Examples of success include The Wharf (Washington, D.C.), Legacy West (Plano, TX), Domain Northside (Austin), and Americana at Brand (Glendale, CA). Toro’s team applied lessons from these places to Avalon (Alpharetta, GA), Colony Square (Atlanta), and now Medley (Johns Creek, GA). Avalon, opened in 2014, has become a suburban destination drawing 7.5 million annual visitors and commanding rent premiums across all property types. More importantly, it has become a place of cherished memories, with over 100 marriage proposals taking place there.

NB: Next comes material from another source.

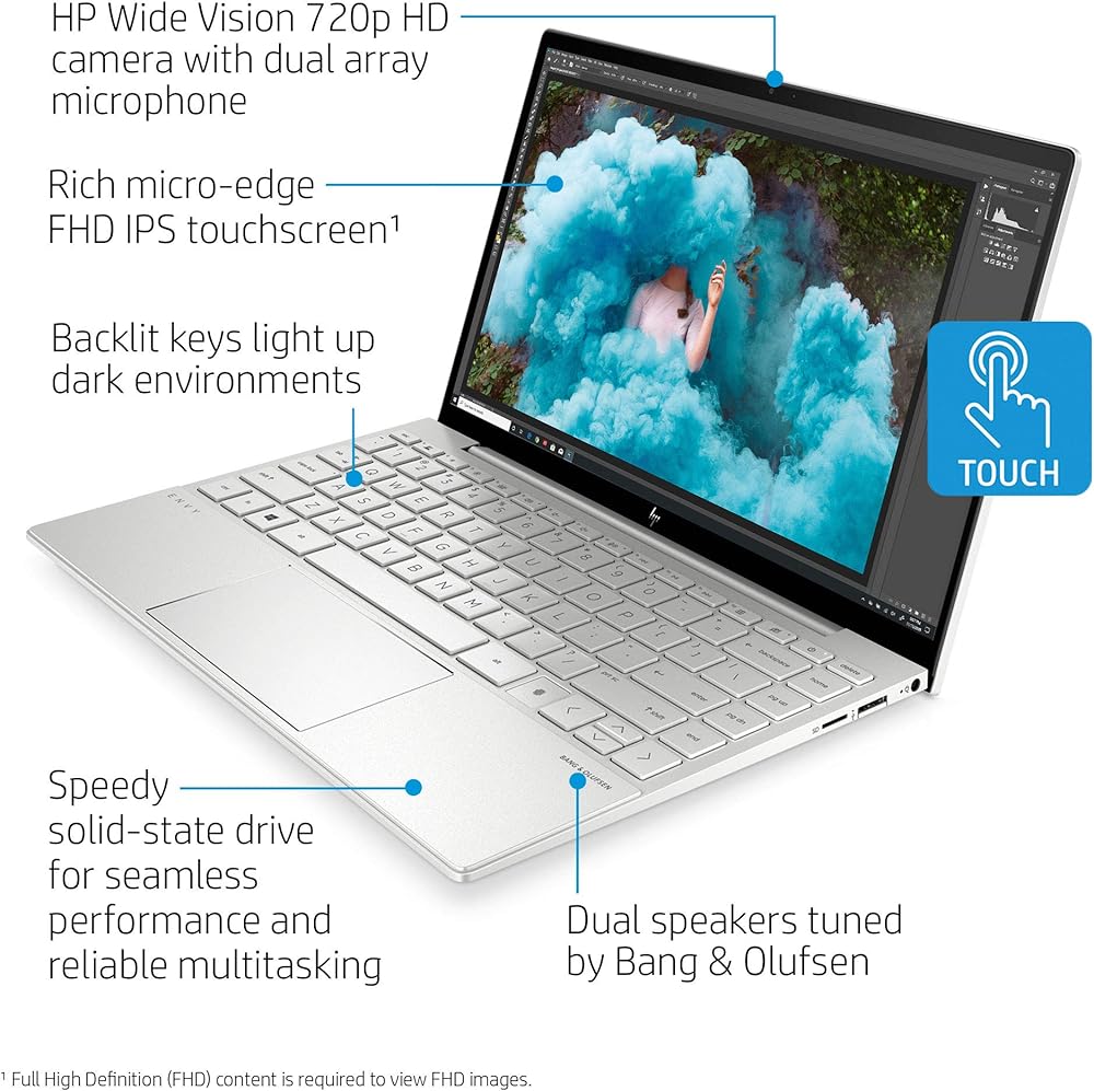 صديق للبيئة: مصابيح خلفية منخفضة من الهالوجين وخالية من الزئبق، وزجاج عرض خالٍ من الأرسينيك في هذه شهادة ENERGY STAR(R) ، ENVYE فضي مسجل. اجعل رؤيتك للحياة مع معالج فائق السرعة: منصة Intel(R) Evo(TM) مدعومة من الجيل 11 Intel(R) Core(TM) i7-11 165G7. معالج رباعي النواة تصل إلى 4.7 جيجا هرتز مع تقنية تعزيز تربو من إنتل (R) شاشة لمس بديعة: 13.

The challenge for cities: Many suburbs lack a “there there” and are now incentivizing developers to create town centers. But without the right software—hospitality, marketing, staffing, and programming—these centers risk becoming lifeless, visited once but not returned to.
Eight key learnings (“software” principles):
Shared mindset – All stakeholders must align on values like community, wellness, and walkability.
Experience fee – Nonretail uses contribute to a fund for events, marketing, and hospitality.
Seamless connectivity – Unified technology solutions provide frictionless internet and digital services.
Plaza as the heart – A central green space activated with 200+ events annually, designed for lingering and social energy.
One brand, one community – Cohesive branding across signage, online platforms, and tenant communications.
Controlling the story – Proactive public relations ensures consistent messaging across partners and media.
Hospitality-level service – Concierge and staff trained with Ritz-Carlton principles deliver resort-style service.
Operational precision – Rigorous daily maintenance fosters comfort, trust, and pride of place.
The bottom line: Hardware attracts initial attention, but software creates lasting success. Every detail matters. Developers must act as community curators, shaping experiences that make mixed-use projects true “third places” where people live life together.
¹ Mark Toro. “The Secret to Mixed-Use Success? It’s Not the Buildings.” Urban Land Magazine, August 8, 2025.
Around the world
High rises are changing Bratislava
The new concentration of high-rise buildings close to the historic center of the capital of Slovakia is unique in Central Europe. New luxury residences, premium office towers, and flagship shopping galleries stand in sharp contrast to socialist-era architecture — grey, utilitarian, and appreciated mainly by architecture buffs — that defined the city's spirit for so long. Development has opened right up to the Danube, with a waterfront promenade lined with parks, cafes, restaurants, and playgrounds.